Unfortunately, it doesn’t seem reasonable to degrade the quality of randomness used by a function called
uuid_generate_random()
, since it might be used by something a little more critical than setting
UUIDs for fonts in fontconfig
; a quick search on sources.debian.org returns 58 packages with that name in their source code at
the very least. Increasing this function’s complexity to add an I don’t care about entropy quality
option
doesn’t seem too good either. So maybe it might make sense to see if fontconfig
might be tweaked to
use something that wouldn’t rely on getrandom()
…
Time to report these findings to the Debian Installer team as a whole, adding fontconfig
and
util-linux
developers to the loop. Let’s see what consensus we can reach.
Ben Hutchings saved the day one more time, checking my status report and quickly pointing out that the same issue was encountered with plymouth as well. That component also runs very early in the boot process, to provide with a graphical “splash” screen.

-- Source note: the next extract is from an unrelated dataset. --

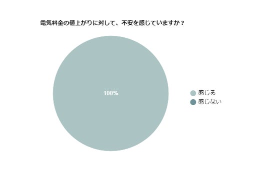 – 電気料金の値上がりに対して回答者全員が不安を感じている

Borrowing the fix from plymouth was very easy, as it was only about creating
the fontconfig cache at build-time thanks to an fc-cache
call; and that finally made this issue
vanish!
There was still a little issue left to fix, as the X server had been updated in the meanwhile: a transition to
a major version of the X stack had started in unstable
in the meanwhile, and there was a regression
with the fbdev
driver. The server would fail to start with:
Xorg: symbol lookup error: /usr/lib/xorg/modules/drivers/fbdev_drv.so: undefined symbol: shadowUpdatePackedWeak
The Debian Installer side was tracked in #900317, even if the
actual issue was first filed as #900613 against the
xserver-xorg-video-fbdev
package (also affecting its xserver-xorg-video-fbdev-udeb
counterpart).
Having very responsive X people helped Cyril realize the patch was easy to grab and test, and that finally concluded the treasure hunt to repair the graphical installer! Two weeks after that, the Debian Installer Buster Alpha 3 release was published.